約定履歴と5分足を突き合わせて、何が起きていたのかを検証しました。数字は全部そのまま出します。
20分で何が起きたか
2026年8月7日、フジクラの決算発表は14時ちょうど、取引時間中でした。
| 時刻 | 株価の動き | 僕の行動 |
|---|---|---|
| 13:55 | 発表前に4,549円→4,395円へ急落(出来高152万株) | 見ていた |
| 14:00 | 決算発表。4,395円→4,853円へ急騰(343万株) | 4,675円で1,000株買い |
| 14:05 | 5,100円まで上昇後、4,701円へ反落 | 保有 |
| 14:10 | 4,583〜4,788円で推移 | 4,599〜4,612円で売却 |
| 14:15 | 再び5,118円まで急騰 | 見ていた |
| 14:20 | 5,174円まで上昇 | 約5,159円で1,000株買い直し |
| 14:20 | 同じ5分の間に4,890円まで崩壊 | 5,050〜5,051円で損切り |
確定した損益はこうなりました。
| 買値 | 株数 | 建玉金額 | 売値 | 下落率 | 確定損益 | |
|---|---|---|---|---|---|---|
| 1回目 | 4,675円 | 1,000株 | 467.5万円 | 4,599〜4,612円 | -1.5% | -73,146円 |
| 2回目 | 約5,159円 | 1,000株 | 約516万円 | 5,050〜5,051円 | -2.1% | -109,294円 |
| 合計 | -182,440円 |
いずれも楽天証券の制度信用取引(返済期限6か月)です。運用資金は260万円なので、この18万円は資金の約7.0%にあたります。上の金額は手数料・信用金利を含んだ確定損益です。
ついでに、取引の種類も間違えていました
20分で決済しているのに、返済期限6か月の制度信用を使っています。
楽天証券には「いちにち信用」という、当日中の返済を前提にした信用取引があります。こちらは売買手数料0円で、金利・貸株料も0%です(適用条件は変更されることがあるので、利用前に必ず公式でご確認ください)。今回のように当日中に決済するなら、明らかにこちらを使うべきでした。

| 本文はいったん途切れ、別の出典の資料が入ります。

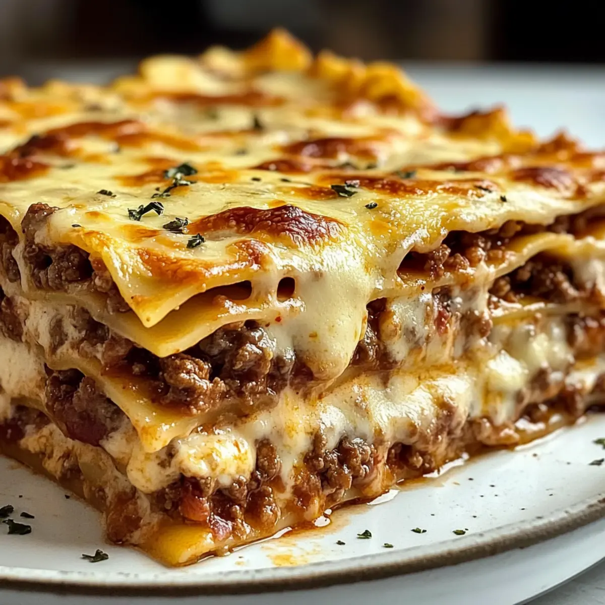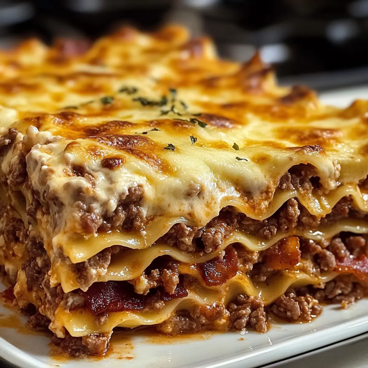 Vielfältige Aromen: Die Kombination aus saftigem Rinderhack, knusprigem Bacon und reichhaltigem Käse schafft eine Geschmacksexplosion in jedem Bissen. Einfache Zubereitung: Auch wenn es aufwändig aussieht, ist die Herstellung unkompliziert und schnell zu meistern. Perfekte Konsistenz: Die cremige Béchamelsoße macht jede Schicht zu einer geschmacklichen Umarmung. Familienfreundlich: Ideal für große Zusammenkünfte – jeder wird nach mehr fragen! Du kannst das Gericht leicht anpassen, indem du frisches Gemüse hinzufügst oder die Käsesorten variierst. Probiere dazu unsere Karamellisierte Sojasoese Ingwer für eine außergewöhnliche Beilage!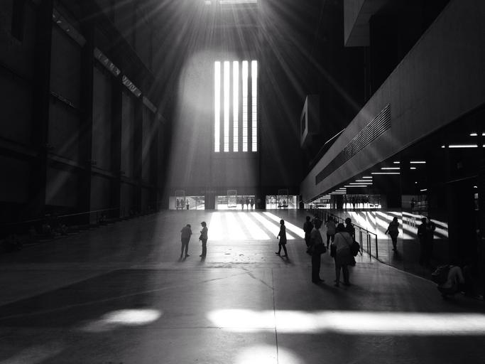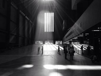 Keywords: building people waiting shadows architecture tate london uk wide modern urban skylight sunlight walking black and white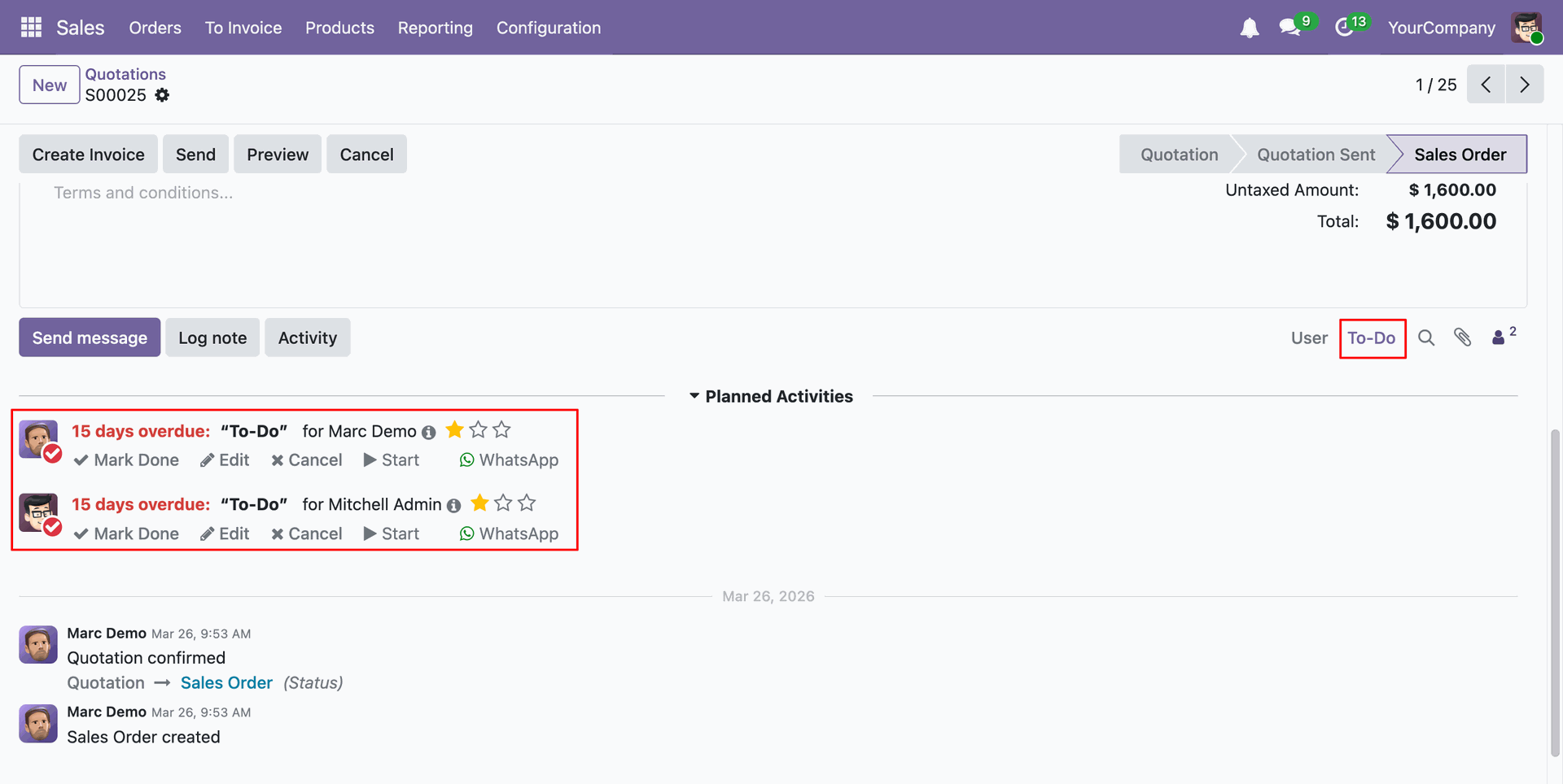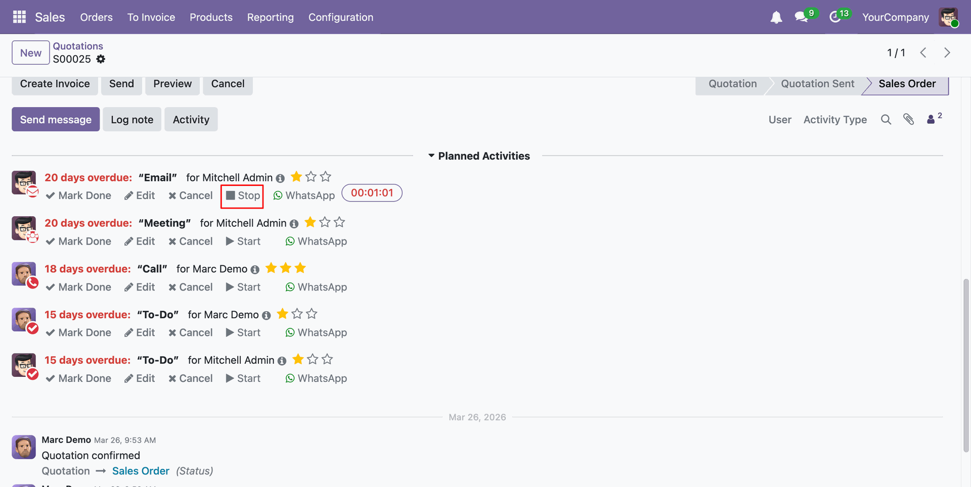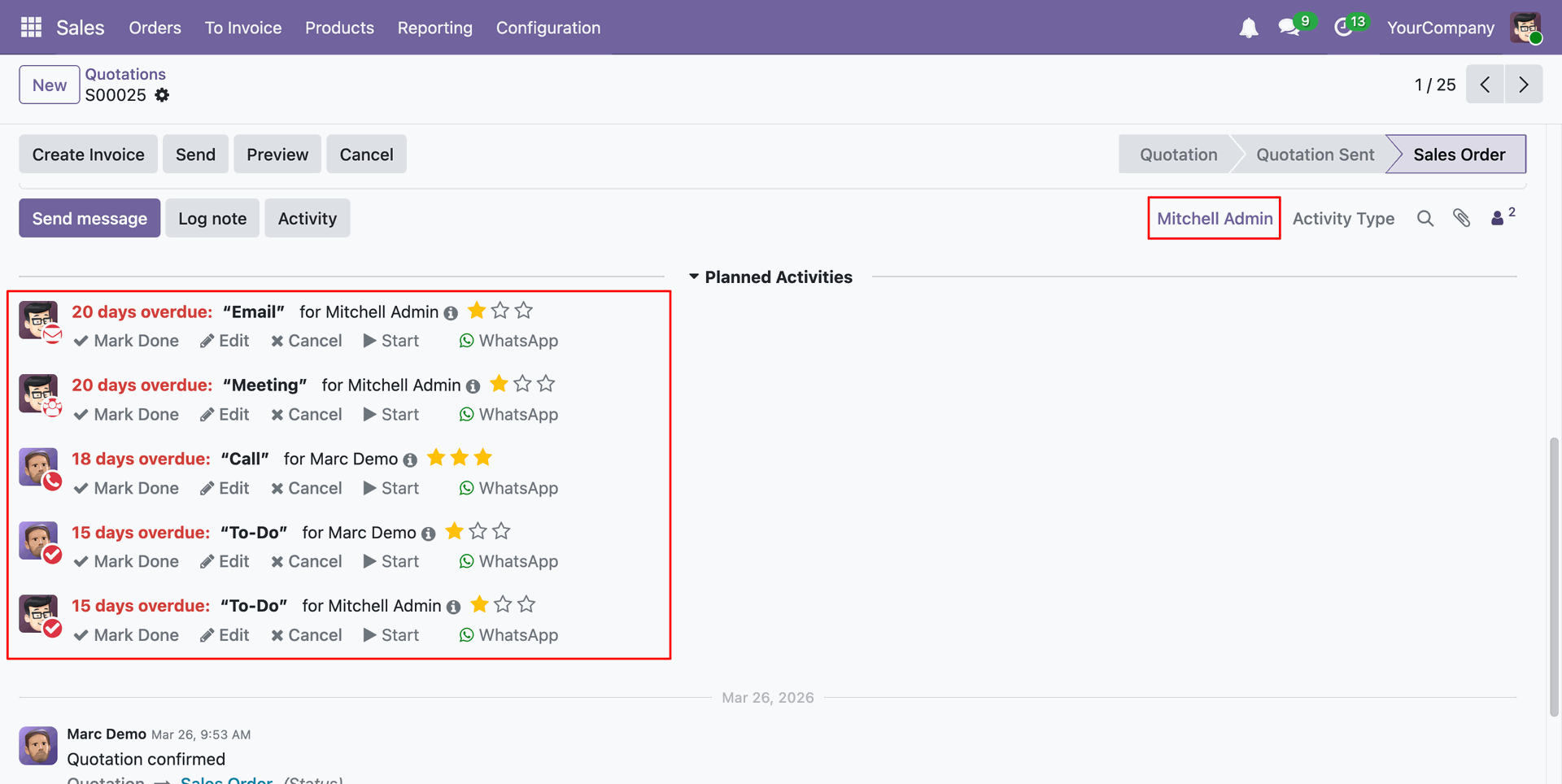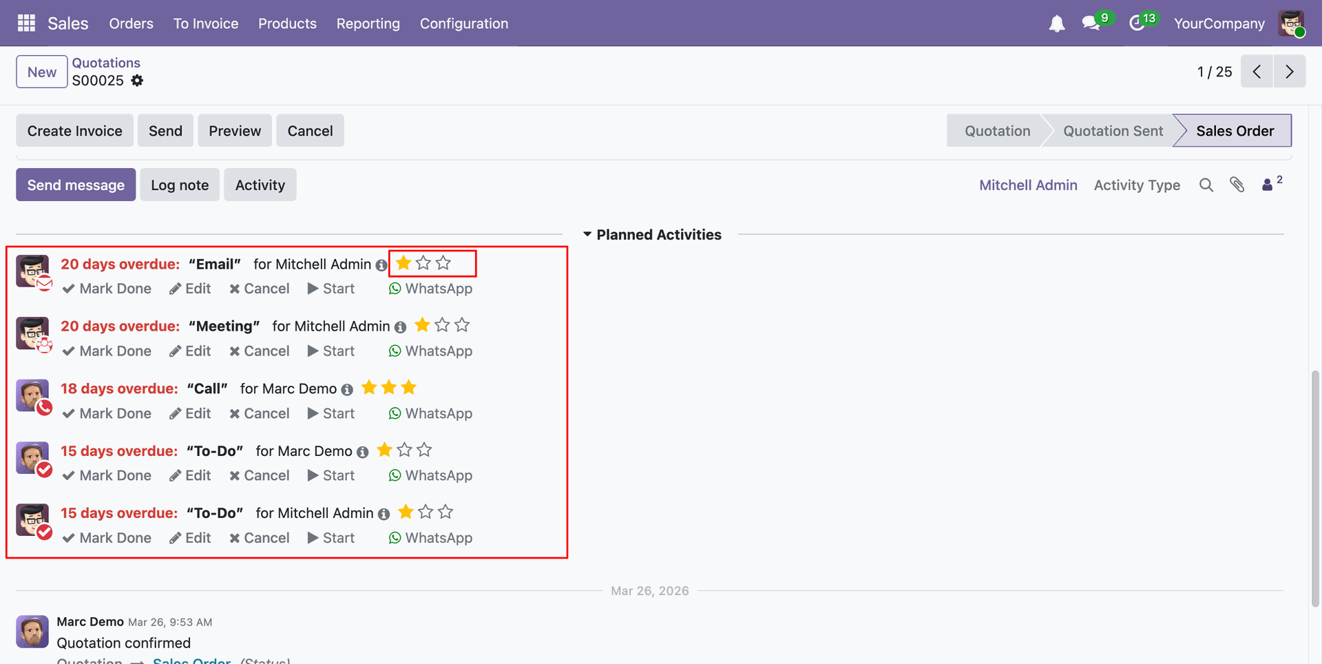 - Easy to set a schedule to notify a salesperson before and after the due date of the activity.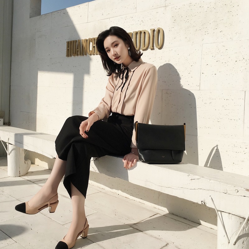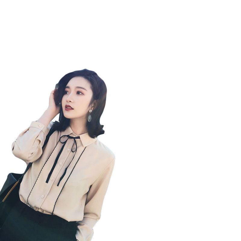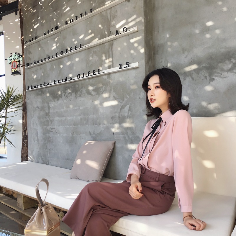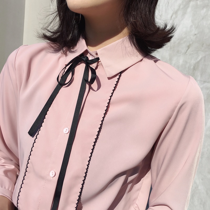 / 秋季新款時尚復古chic早秋上衣慵懶百搭蝴蝶結系帶長袖顯瘦襯衫潮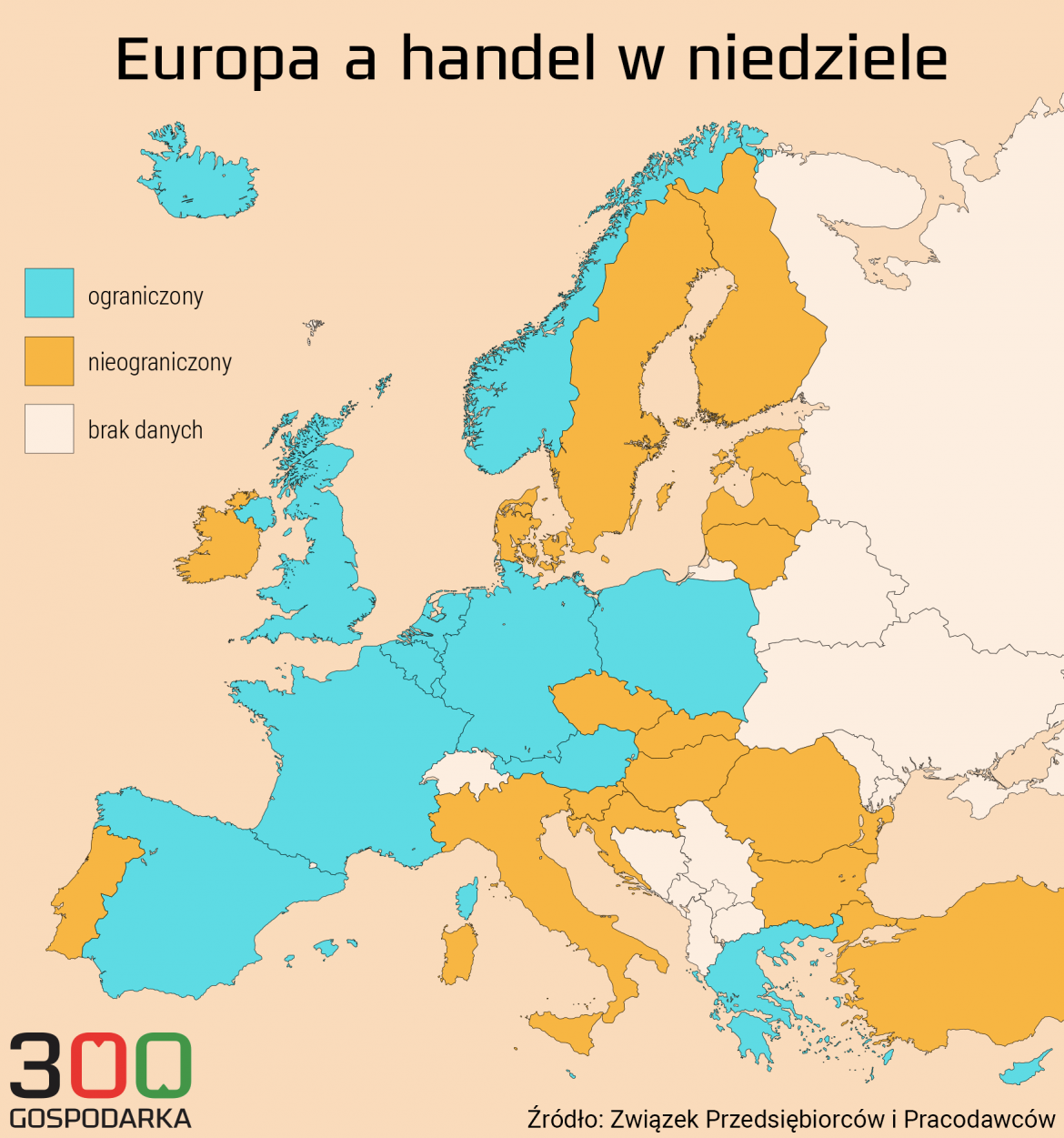 A jak to robią inni? Państwa europejskie w różny sposób regulują handel w niedziele. Najczęściej stosowanym rozwiązaniem jest brak jakichkolwiek ograniczeń. Swobodnie handlować w niedziele można w Bułgarii, Chorwacji, Czechach, Danii, Estonii, Finlandii, Węgrzech, Irlandii, Włoszech, Łotwie, Litwie, Portugalii, Rumunii, Słowacji, Słowenii, Szwecji i Turcji.

損益から逆算すると、1回目にかかったコストは約350円。2回目は建玉が大きいぶん、概算で約400円前後になります。合計で700円強。18万円の損失に比べれば小さい金額ですが、払う必要のなかったコストです。
損失そのものより、こういう「知っていれば避けられた無駄」の方が、あとから効いてきます。
下落率は-8%以内。でも、損失額はルールを超えた
まずここを直視しておきます。
僕の損切りルールは2つあります。「下落率は-8%まで」と「1回の損失額は5.2万円まで」です。
下落率の方は守れています。 今回はどちらも-1.5%と-2.1%で、上限のはるか手前で切りました。「損切りできずに含み損を抱え続けた」わけではありません。
しかし損失額は、7.3万円と10.9万円。 上限の5.2万円を、1.4倍と2.1倍も超えています。
片方は守れて、もう片方は守れていない。 なぜそうなるのかが、この記事の本題です。
主因は、建玉の大きさだった
答えははっきりしています。買った金額が大きすぎました。
僕のルールでは、1ポジションの上限は65万円です。ところが実際に建てたのは467.5万円と約516万円。それぞれ約7.2倍と約7.9倍です。
同じ「-1.5%で損切り」をしても、建玉が違えば損失額はまったく違います。
| 建玉 | -1.5%で損切りしたときの損失 |
|---|---|
| 65万円(ルール上限) | 約1万円 |
| 467.5万円(実際) | 約7.3万円 |
下落率だけを比べれば判断は同じです。違うのは建玉額。それだけで、1万円で済む話が7.3万円になりました(表の-1.5%は丸めた値で、平均約定単価から計算した実際の下落率は約1.56%。差額には手数料と金利も含まれます)。
ここで気づいたことがあります。
損切り幅とポジションサイズは、セットでしか意味を持たない。
「-8%で切る」というルールだけを見て「守れている」と思っていましたが、それは建玉が65万円であることが前提の数字でした。片方だけ守っても、資金管理としては機能しません。
→ 関連記事:信用取引の資金管理|1トレードの損失を「資金の2%」に抑えるポジションサイズの決め方
なお、516万円の建玉は運用資金260万円に対してレバレッジ約2.0倍です。この水準がどれくらいの下落に耐えられるかは、別記事で計算しています。
→ 関連記事:信用取引の追証はいくら下がったら発生する?自分の口座で計算してみた
決算直後の値動きに、飛び乗ってはいけなかった
もう一つ、はっきりした失敗があります。入り方です。
僕が売買した14時台前半の5分足を、もう一度見てください。
| 時刻 | 高値 | 安値 | 5分間の値幅 |
|---|---|---|---|
| 14:00 | 4,853円 | 4,395円 | 458円 |
| 14:05 | 5,100円 | 4,701円 | 399円 |
| 14:15 | 5,118円 | 4,660円 | 458円 |
| 14:20 | 5,174円 | 4,890円 | 284円 |
14:00と14:15の足では、5分間に458円動いています。1,000株なら、5分で45万円動く計算です。
この値動きの中では、注文方法の選び方がそのまま結果を左右します。そして僕は、1回目と2回目で違う方法を使い、どちらも失敗しました。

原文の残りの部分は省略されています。